Leor Sapir is a scholar at the Manhattan Institute who has become a leading figure in the ongoing effort to bring accountability to a medical field that has run off the rails.
In this episode of the Year Zero podcast, which was recorded in July, we discuss the fast evolving state of the legislative bans on child sex trait modification procedures and the wider project to bring an ongoing medical scandal to heel.
Excerpts:
Parallels between the opioid epidemic and pediatric gender medicine
“There are really interesting parallels between the opioid epidemic and the gender medicine issue. In both cases, for example, it started with medical authority, citing very, very low quality studies, claiming that the use of opioids in cancer patients could be scaled at large, and that the same type of risk benefit ratio would would apply to other types of patients — patients who are not, for example, terminally ill, or even patients with a history of addictions and patterns of addictive behavior. And that, of course, turned out not to be the case. The medical associations got involved and also fueled the opioid epidemic, sometimes for good intentions, sometimes, as in the case of the American Pain Society, because they were influenced by Big pharma money. So there, I think in the case of the opioid epidemic, there was just a clear villain, and the villain was Purdue Pharma. And it was a villain that the American Left loves to hate. Big corporate interests that make money off of health care. Here, I wouldn't want to argue that there aren't kind of pharma interests involved in general medicine, of course, there are, it's a big business, and it's growing too. And we have some evidence that clinics and hospitals that do the procedures as opposed to the psychotherapy get a net benefit from them. And they also, of course, boost their scores on the Corporate Equality Index, and, you know, ESG, and all that stuff. So there's definitely a lot of institutional self interest in doing so called gender affirming care. But I wouldn't argue that the financial motives are primary here. I think that they they definitely play a role. But I would say that the ideology is by far and away the most important factor. But in any case, there are strong parallels to the opioid epidemic. And, you know, this is another example of how we don't learn our lessons.

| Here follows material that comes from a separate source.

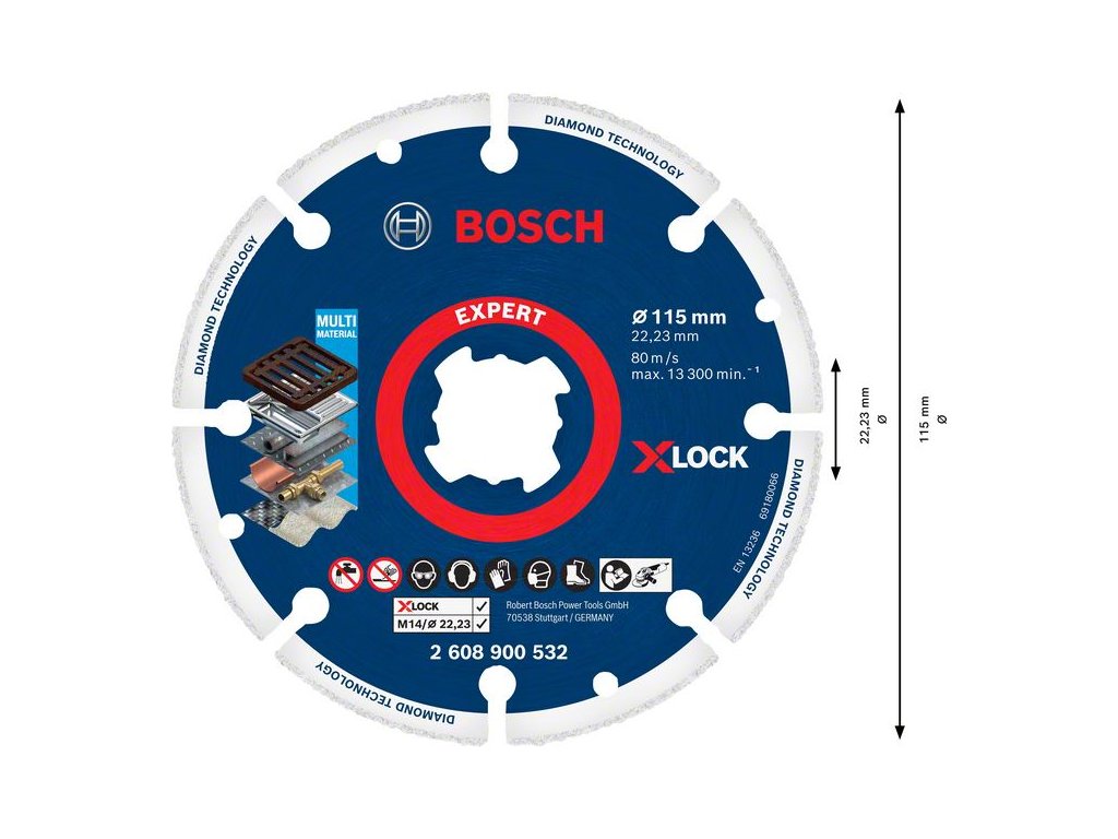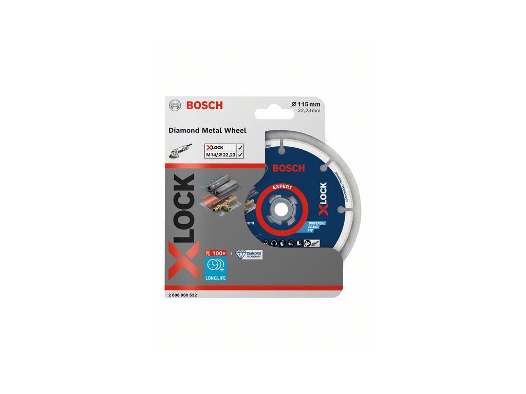 Diamantový kotúč X-LOCK na kov ponúka až 100-krát dlhšiu životnosť pri rezaní kovu. Jeho oceľové telo s diamantovou reznou hranou je extrémne pevné, kotúč si po celú dobu životnosti zachováva konštantnú hĺbku a rýchlosť rezu. Vďaka diamantovej technológii Bosch sa kotúč pri páde na zem neroztriešti a pri rezaní nevytvára chemický zápach ani nezvyšuje prašnosť. Je určený na rezanie kovov vrátane ocele, liatiny, nehrdzavejúcej ocele a medi. Diamantové kotúče na kov Bosch spĺňajú tie najvyššie požiadavky na bezpečnosť, napríklad normu EN 13236. Vďaka bezkľúčovému systému X-LOCK je výmena brúsnych kotúčov rýchla a pohodlná.Priemer mm:

On the capture of American policymaking by the NGO Borg
“The ACLU never has to face voters. It's accountable only to its own funders. And those funders are increasingly a small number of deep pocketed foundations, individuals or corporations that give money. And often these people either don't know what's going on or they are themselves highly ideological and out of tune with what what most Americans agree on.
And so the first problem is that with the ACLU, there's no mechanism of accountability between these interest groups and the general public in a way that there is with political parties in the general public. The second problem is that these interest groups almost by definition, are going to get more and more extreme over time, right? Because they usually they're founded for a certain purpose, they have a strong sense of mission. And that sense of mission tends to attract people who are ideologically aligned with that mission. So if it's the ACLU — first of all civil liberties, then it was civil rights, now it's what you might call — what you have called “Successor Ideology.” If it's environmentalism, who's gonna go work at the Environmental Defense Fund, who is going to go work at at the UN — all these organizations: environmentalists, people who are very, very gung ho about environmentalism, and importantly, people who are willing to impose very costly policies on the public, because the kind of trade offs that they're willing to accept are much more extreme than the kind of trade offs that the average citizen would accept.
So these groups, the ACLU, for example, will attract young, very ideological, very woke lawyers — people like Chase Strangio to its ranks and promote them. And so gradually, over time, these groups tend to become more and more extreme in their positions. And because of the way in which the American political system gives them so much power and so much leverage over the policy process, we end up with the politics of radical policymaking. So it's not that other countries don't have similar problems. But here in the United States, because of how our system of government works, these problems tend to be much more extreme and much more intractable.”